Will Harris: former marketing director for Nokia
Will Harris: former marketing director for Nokia
A view from Will Harris

Marketing Guru on... keeping ahead of the youngsters

Senior practitioners should not be cowed by the idea that marketing is a young person's game, says Will Harris. On the contrary, their hard-earned experience could place them in a stronger position.

Q: I met my new boss yesterday. He's a whippersnapper - I've got at least 15 years on him. Do I need to start clearing my desk?

A: What happens next is almost entirely up to you. If you are smart and self-aware enough (and it sounds like you might well be), you will reappraise your personal brand in the business where you both work.

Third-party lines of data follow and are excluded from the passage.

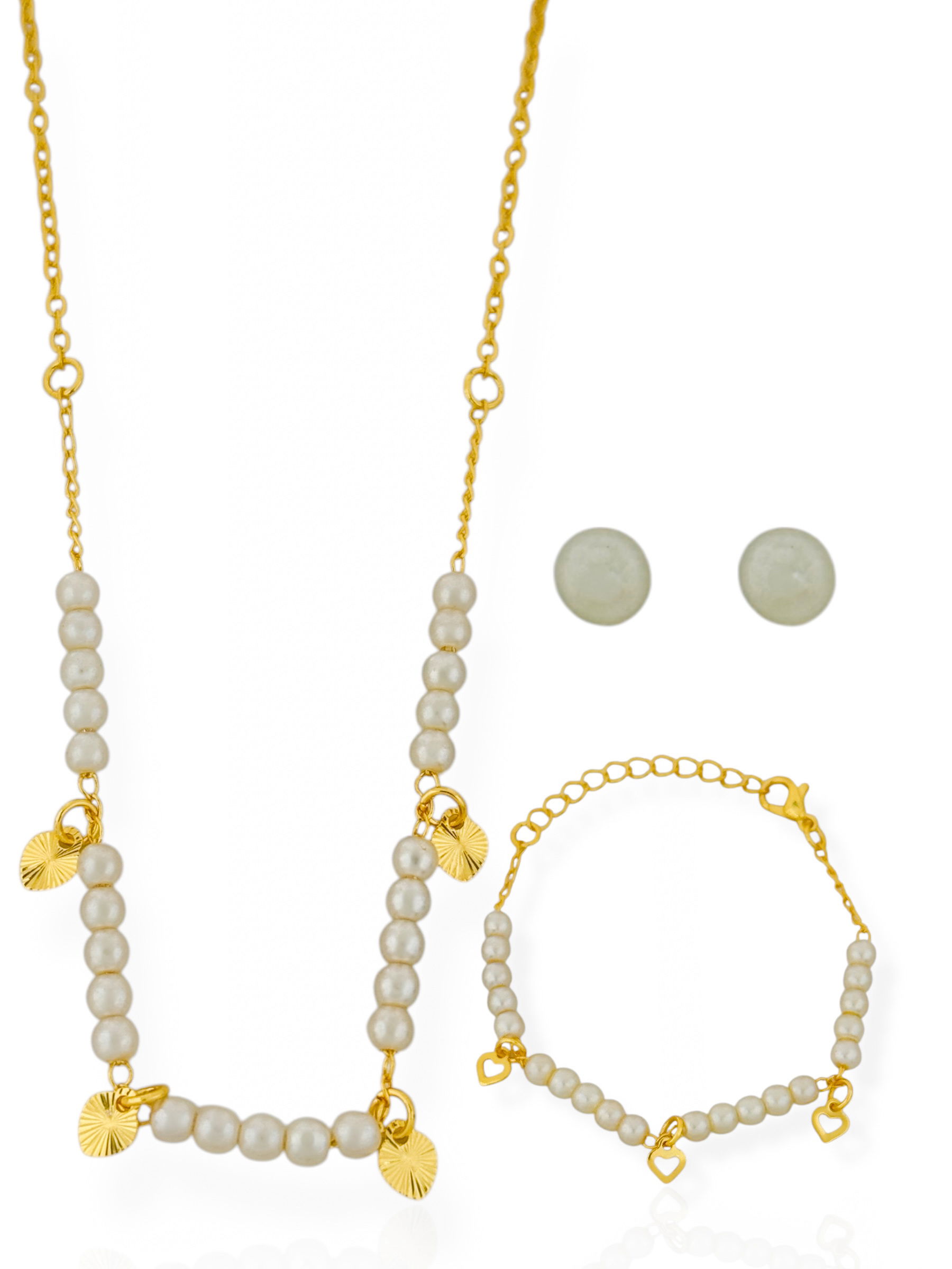 2. Conjunto Infantil Colar, Brinco e Pulseira Folheado a Ouro 18k Pérolas Com Mini Coração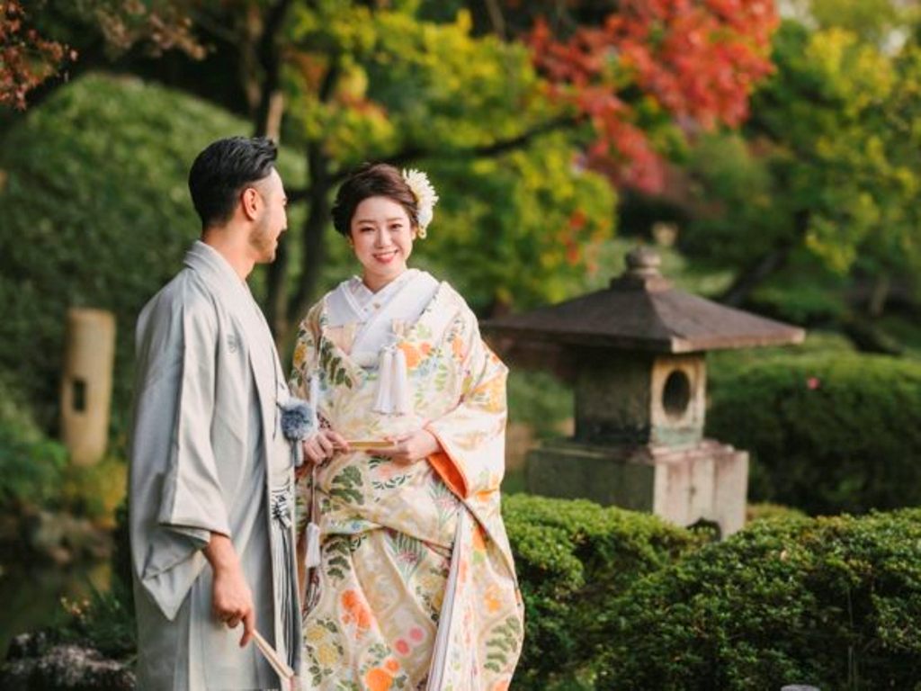 a romantic pre-wedding photo shoot at the breathtaking Higo-Hosokawa Garden awaits.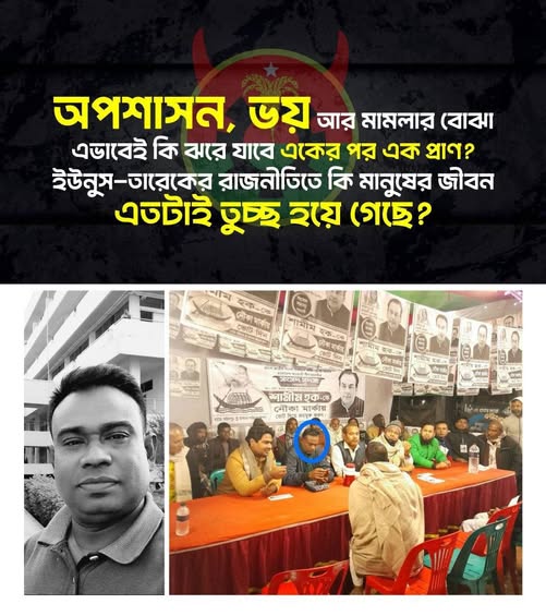 অপশাসন, ভয় আর মামলার বোঝা—এভাবেই কি ঝরে যাবে একের পর এক প্রাণ? ইউনুস–তারেকের রাজনীতিতে কি মানুষের জীবন এতটাই তুচ্ছ হয়ে গেছে?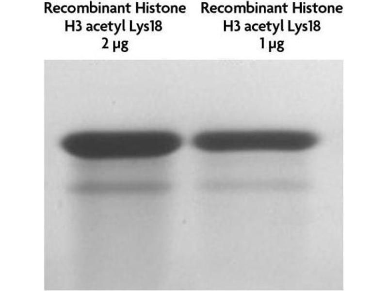 - Recombinant Histone H3 acetyl Lys18 (H3K18ac) proteins are generated using expressed protein ligation (EPL) technology. Truncated human Histone H3.2 is produced in E. coli and purified using FPLC. The purified protein is subsequently ligated to a N-terminal histone tail peptide containing acetylated lysine 18 via a native peptide bond. The full-length protein is then repurified prior to lyophilization. Protein concentration was determined using the molar extinction coefficient for Histone H3 and absorbance at 280nm. The recombinant histone is >98 % pure by SDS-PAGE and confirmed by high-resolution ESI-TOF mass spectrometry. The molecular weight of the recombinant histone is 15,270 Daltons.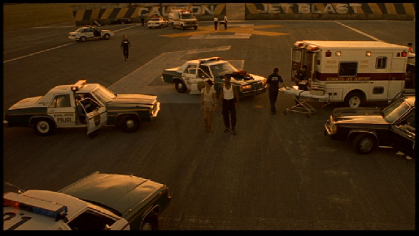 They chase Fouchet up taxiway T. They are headed Northwest. The control tower seen in the background is the same one we see at the “Nigerian” airport in the pilot of Burn Notice.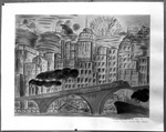 Cityscape drawing by James Hitt (not pictured), 14, ninth grade student at William James Junior High School. The drawing depicts a skyline of several buildings and a bridge. Written on the bottom right corner of the mat board frame is "James Hitt - 9th Grade - Age 14," and beneath that, "William James Junior High School." The drawing won first place in the Children's Art Show held by the Fort Worth Art Association.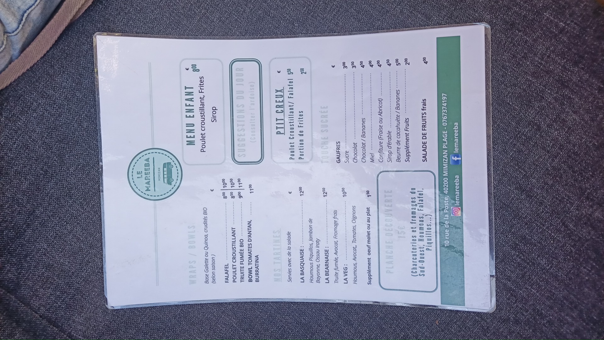 J'ai passé 10 jours à Mimizan-plage. Étant assez compliquée niveau cuisine, j'étais ravie de tomber sur ce restaurant au top qu'est le Mareeba. Sans mentir, j'y suis allée manger une fois par jour tout au long de mon voyage. Du sucré au salé, rien à dire. Ambiance en salle familiale et accueillante. Déco trop mignonne, on s'y sent vraiment bien. Carte concrète, tout est inscrit. Produits frais et fait maison. Les assiettes sont colorées et donnent envie. Je vous invite fortement à y passer. Vous ne serez pas déçus !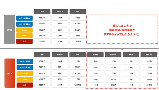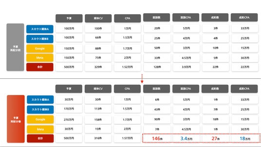 面談や成約など後方指標を起点に広告のアロケーションを行うことで、事業全体の面談数や成約数の改善につながります。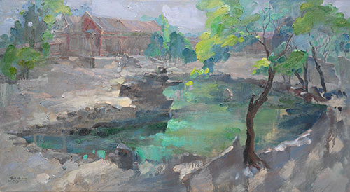 《朝陽映蝠池》 100*180cm 布面油畫 2014年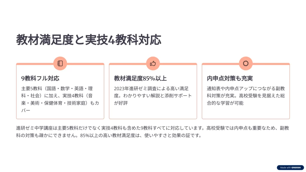 対応教科は、英語・数学・国語・理科・社会の主要5教科に加えて、保健体育、技術家庭、美術、音楽の実技4教科を含めた全9教科に対応しています。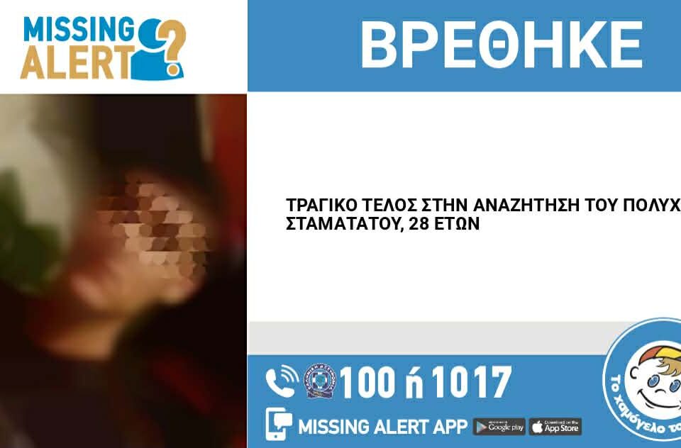 Να υπενθυμίσουμε, ότι ο Πολυχρόνης Σταματάτος, 28 ετών, εξαφανίστηκε στις 03/04/2026 από την περιοχή της Καισαριανής. Το «Χαμόγελο του Παιδιού» ενημερώθηκε για την εξαφάνιση του Πολυχρόνη Σταματάτου ενημερώθηκε στις 07/04/2026 και άμεσα προχώρησε στη δημοσιοποίηση των στοιχείων του ενήλικου, κατόπιν αιτήματος της οικογένειάς του, καθώς συνέτρεχαν λόγοι, οι οποίοι έθεταν τη ζωή του σε κίνδυνο.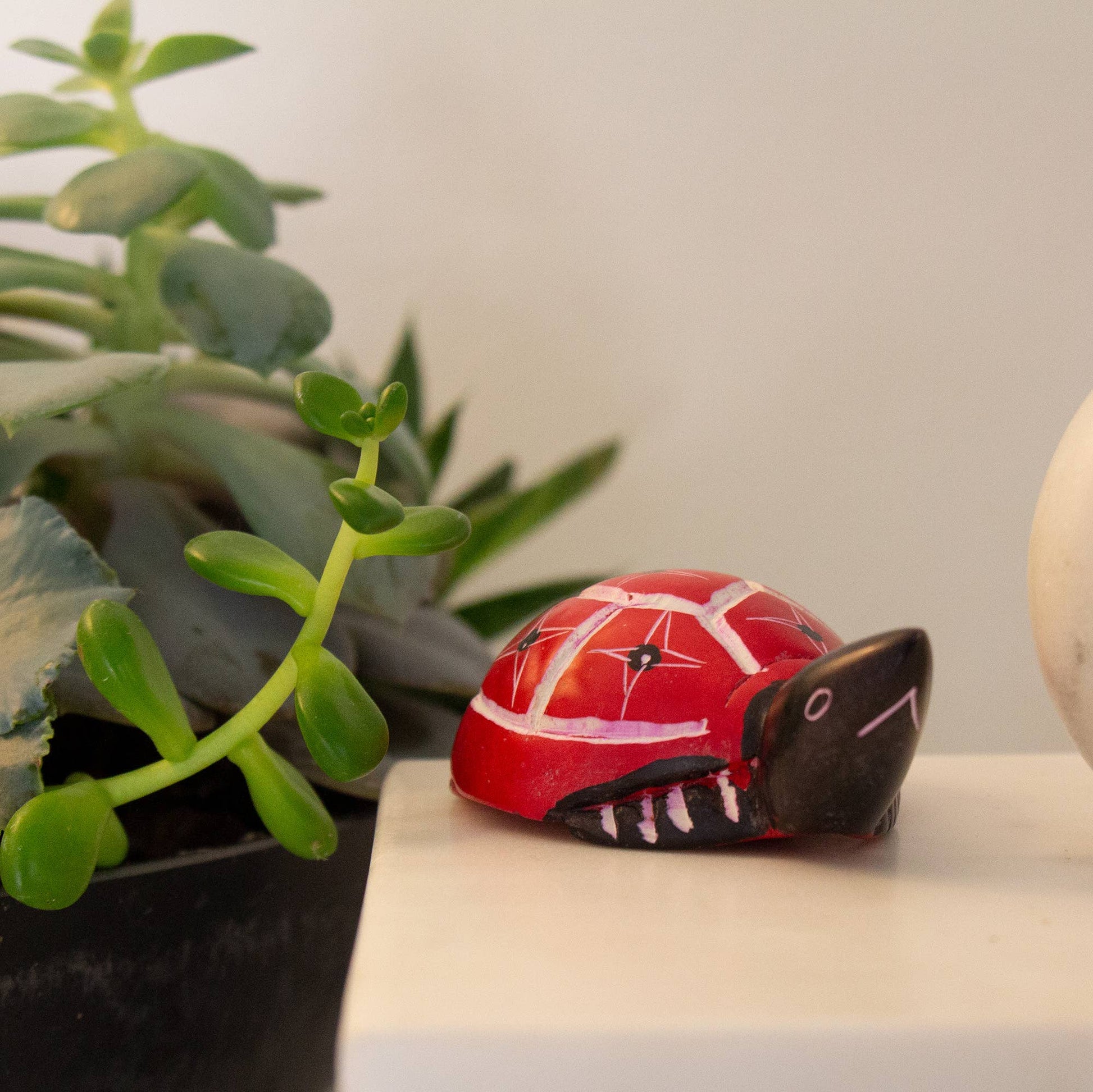 Carved from soapstone in Western Kenya, these turtles are like none found in nature but seeing one of these with its brilliant colors and whimsical shape can surely act as a close substitute to seeing one in the wild. Colors will vary. Each turtle is approximately 3.5 inches in length. Sold individually.

First, figure out exactly what your boss needs to do to be seen as a success. From there, you have several choices, and a number of roles you can play.

You could play the 'trusted adviser'; an indomitable rock and source of sage advice about your company and industry. Maurice Saatchi used to describe his boss Michael Howard as wise. It's an old-fashioned word - and, indeed, quality - that has rather lost its sheen in the stampede for the new. I often urge people to try lots of things and see what works, but there is an argument that having the wisdom and experience to know what will work has real value.

Your second option is to surrender all claims to be a day-to-day marketer and relaunch yourself as a 'people person'. As we get older, it becomes more and more difficult to double-guess the creative whims and desires of consumers a generation or more below.

That's why you see older marketing people, deaf to instinct, insistent that they first see the data. At a certain point in one's marketing career, you're in the talent management business, not the creative communications industry. This may be the time for you to cross that threshold.

A third approach is to fight back and move the goalposts. It's no longer a trade-off between youthful and experienced marketers, but between analogue and digital marketers. Your new boss may be 15 years younger than you, but if he doesn't know the difference between SEM and SEO and you do, then your career will probably outlast his. Become a digital expert: no one cares how old you are on the web.

One final thought to close: a recent study from the University of Utah established that the marathon time you can achieve at the age of 19, you can replicate right up to the time you hit 64. Yes, your times peak around the age of 27, but the slide back down lasts another 43 years.

I would like to think that your marketing career (and mine, for that matter) will follow a similar trajectory. With our pensions system the way it is at the moment, it will need to.

Will Harris is a former marketing director for Nokia in the UK and Asia region. He was the first marketing director of the Conservative Party and launch marketing director of the O2 brand.